Thanks for the heads up, have just installed it. I use DPP every day so I always like to know when it has been updated. Cheers.


----------



## JonAustin (Oct 20, 2017)

expatinasia said:


> Thanks for the heads up, have just installed it. I use DPP every day so I always like to know when it has been updated. Cheers.



I don't use DPP (and don't want to install it just to find out), but doesn't it offer the option to check for updates either automatically or on demand, per the user's preference?


----------



## LDS (Oct 20, 2017)

Great to see older cameras like the G11 have been added. My sister still uses one, and DPP.

But what about the corrections that can be applied to a combination of a 6D II and a T/S lens? The camera stores data about the lens settings?


----------



## AvTvM (Oct 23, 2017)

if Canon were to add 1. good and easy to use keystone correction and 2. local adjustments ... i could and would immediately say goodbye to Lightroom CC, classic, mobile and Adobe's rental scheme. 

unfortunately Canon keeps DPP only as a "single trick" raw converter "year 2000 style" ... without much meaningful image editing options. functionality such as "content aware fill" presumably not even heard of at "innovative" Canon.

Advantage DPP is the absence of bloated catalogues and the doubling up on what OS file management system already does - instead of having to "importand export" images it simply is "open and save/as". 
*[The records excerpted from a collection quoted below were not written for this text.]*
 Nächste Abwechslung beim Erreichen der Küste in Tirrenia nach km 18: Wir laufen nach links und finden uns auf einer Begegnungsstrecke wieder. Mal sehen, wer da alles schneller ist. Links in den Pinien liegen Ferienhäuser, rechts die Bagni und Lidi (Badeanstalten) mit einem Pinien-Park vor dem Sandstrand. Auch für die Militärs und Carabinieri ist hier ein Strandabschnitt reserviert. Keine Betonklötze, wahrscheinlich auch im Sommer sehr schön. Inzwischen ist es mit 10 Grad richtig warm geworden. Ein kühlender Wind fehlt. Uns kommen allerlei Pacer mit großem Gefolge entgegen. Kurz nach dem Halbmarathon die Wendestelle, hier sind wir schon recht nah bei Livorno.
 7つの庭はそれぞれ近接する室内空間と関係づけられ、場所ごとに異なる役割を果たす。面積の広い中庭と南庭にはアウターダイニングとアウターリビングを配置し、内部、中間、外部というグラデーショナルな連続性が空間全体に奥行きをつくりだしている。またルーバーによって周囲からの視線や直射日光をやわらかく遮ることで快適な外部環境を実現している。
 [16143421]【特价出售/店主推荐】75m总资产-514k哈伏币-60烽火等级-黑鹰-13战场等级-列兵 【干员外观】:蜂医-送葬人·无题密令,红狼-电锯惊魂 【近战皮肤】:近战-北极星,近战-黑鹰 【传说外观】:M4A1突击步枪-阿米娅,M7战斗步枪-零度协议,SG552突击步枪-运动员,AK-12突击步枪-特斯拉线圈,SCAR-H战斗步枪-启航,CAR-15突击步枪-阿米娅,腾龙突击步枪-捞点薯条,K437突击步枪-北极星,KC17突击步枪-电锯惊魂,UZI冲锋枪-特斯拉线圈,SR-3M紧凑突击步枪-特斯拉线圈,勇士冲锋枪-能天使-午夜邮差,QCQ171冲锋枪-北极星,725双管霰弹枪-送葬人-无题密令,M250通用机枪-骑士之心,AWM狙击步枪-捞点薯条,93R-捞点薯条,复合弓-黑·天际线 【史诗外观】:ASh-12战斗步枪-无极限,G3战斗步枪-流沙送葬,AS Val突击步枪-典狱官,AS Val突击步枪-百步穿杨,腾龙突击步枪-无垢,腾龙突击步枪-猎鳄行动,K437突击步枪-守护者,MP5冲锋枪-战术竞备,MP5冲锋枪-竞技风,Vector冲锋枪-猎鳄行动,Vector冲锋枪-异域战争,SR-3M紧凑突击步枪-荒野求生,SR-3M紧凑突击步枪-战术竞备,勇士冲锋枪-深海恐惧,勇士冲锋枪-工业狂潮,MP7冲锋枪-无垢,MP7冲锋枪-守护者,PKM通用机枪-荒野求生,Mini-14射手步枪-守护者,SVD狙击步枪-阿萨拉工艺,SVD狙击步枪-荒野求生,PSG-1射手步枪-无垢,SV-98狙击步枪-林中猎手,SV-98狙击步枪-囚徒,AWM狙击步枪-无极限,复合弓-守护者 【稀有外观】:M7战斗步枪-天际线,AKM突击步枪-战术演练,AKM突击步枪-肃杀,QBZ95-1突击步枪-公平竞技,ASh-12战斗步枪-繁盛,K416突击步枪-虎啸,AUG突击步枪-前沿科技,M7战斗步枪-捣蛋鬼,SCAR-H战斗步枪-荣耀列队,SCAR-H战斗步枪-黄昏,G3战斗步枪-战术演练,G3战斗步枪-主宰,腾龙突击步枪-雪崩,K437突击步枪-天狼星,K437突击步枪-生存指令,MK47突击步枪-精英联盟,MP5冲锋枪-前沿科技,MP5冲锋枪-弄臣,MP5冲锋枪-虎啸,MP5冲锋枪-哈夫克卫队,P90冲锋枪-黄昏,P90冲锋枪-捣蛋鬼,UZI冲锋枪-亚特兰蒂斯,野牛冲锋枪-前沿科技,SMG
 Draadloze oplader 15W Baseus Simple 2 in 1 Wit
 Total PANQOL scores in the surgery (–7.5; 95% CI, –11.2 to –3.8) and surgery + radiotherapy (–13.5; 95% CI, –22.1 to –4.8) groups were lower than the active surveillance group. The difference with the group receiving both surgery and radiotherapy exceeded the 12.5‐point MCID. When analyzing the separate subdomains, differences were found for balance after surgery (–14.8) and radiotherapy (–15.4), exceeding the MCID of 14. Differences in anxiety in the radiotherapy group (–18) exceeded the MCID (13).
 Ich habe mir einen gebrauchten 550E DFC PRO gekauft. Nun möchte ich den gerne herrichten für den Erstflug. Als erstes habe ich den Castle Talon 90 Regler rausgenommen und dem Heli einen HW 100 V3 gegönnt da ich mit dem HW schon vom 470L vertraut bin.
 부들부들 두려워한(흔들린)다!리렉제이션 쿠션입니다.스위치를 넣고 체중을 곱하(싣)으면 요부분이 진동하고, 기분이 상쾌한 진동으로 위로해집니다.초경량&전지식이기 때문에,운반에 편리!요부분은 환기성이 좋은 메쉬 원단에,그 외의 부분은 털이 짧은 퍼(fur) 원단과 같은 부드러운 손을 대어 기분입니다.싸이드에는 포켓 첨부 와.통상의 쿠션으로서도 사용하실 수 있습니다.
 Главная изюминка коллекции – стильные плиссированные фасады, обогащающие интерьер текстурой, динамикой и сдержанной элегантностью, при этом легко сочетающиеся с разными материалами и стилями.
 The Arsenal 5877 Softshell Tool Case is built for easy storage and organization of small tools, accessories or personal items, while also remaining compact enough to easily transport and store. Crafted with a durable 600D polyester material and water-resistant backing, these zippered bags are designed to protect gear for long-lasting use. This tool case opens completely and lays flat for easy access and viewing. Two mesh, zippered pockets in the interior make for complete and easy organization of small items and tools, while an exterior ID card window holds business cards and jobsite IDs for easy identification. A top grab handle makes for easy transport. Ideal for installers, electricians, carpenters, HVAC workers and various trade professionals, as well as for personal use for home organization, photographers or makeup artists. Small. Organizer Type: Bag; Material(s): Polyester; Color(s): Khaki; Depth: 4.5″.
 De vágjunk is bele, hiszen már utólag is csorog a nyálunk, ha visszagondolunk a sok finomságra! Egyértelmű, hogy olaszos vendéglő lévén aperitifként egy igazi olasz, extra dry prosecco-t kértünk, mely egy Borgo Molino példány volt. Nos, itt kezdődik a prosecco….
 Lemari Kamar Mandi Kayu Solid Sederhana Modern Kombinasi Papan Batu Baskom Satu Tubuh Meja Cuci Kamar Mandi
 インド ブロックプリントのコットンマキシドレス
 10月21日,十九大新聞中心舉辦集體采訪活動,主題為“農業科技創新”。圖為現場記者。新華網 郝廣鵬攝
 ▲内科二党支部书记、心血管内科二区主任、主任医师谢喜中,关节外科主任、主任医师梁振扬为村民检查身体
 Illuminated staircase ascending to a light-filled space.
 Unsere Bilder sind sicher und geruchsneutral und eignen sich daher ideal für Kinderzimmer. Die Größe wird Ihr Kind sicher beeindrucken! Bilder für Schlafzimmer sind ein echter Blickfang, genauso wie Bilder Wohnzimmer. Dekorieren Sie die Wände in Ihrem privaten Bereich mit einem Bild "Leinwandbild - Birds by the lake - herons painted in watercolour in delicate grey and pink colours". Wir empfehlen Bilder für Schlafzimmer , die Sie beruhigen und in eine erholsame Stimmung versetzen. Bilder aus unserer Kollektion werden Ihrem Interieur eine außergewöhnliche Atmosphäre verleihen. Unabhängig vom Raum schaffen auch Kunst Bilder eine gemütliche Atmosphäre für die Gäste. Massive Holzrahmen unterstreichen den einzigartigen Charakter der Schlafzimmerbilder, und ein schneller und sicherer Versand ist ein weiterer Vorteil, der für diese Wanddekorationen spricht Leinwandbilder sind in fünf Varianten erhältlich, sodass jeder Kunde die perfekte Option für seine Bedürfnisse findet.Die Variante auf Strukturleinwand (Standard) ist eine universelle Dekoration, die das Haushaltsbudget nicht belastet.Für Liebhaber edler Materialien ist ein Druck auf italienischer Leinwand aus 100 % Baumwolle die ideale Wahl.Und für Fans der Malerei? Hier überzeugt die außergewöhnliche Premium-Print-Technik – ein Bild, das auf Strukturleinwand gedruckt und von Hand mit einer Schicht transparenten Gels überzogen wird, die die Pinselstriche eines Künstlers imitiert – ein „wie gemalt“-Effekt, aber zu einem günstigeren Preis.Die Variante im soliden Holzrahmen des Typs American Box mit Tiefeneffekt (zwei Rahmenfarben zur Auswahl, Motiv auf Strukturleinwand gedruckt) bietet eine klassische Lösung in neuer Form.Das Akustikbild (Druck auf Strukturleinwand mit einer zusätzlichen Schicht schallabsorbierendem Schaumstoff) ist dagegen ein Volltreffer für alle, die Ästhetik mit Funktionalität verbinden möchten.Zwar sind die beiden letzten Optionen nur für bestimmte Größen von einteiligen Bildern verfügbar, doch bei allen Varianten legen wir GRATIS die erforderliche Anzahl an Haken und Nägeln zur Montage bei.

It would not have to come for free. I'd be willing to pay a reasonable price for a perpetual license of a "Lightroom desktop lite" version of DPP.


----------



## expatinasia (Oct 23, 2017)

JonAustin said:


> expatinasia said:
> 
> 
> > Thanks for the heads up, have just installed it. I use DPP every day so I always like to know when it has been updated. Cheers.
> ...



I do not believe there is a setting to update automatically or to get informed of an update though I may be wrong.

I like the small changes they made in this version of DPP. I use it every day and it works great.


----------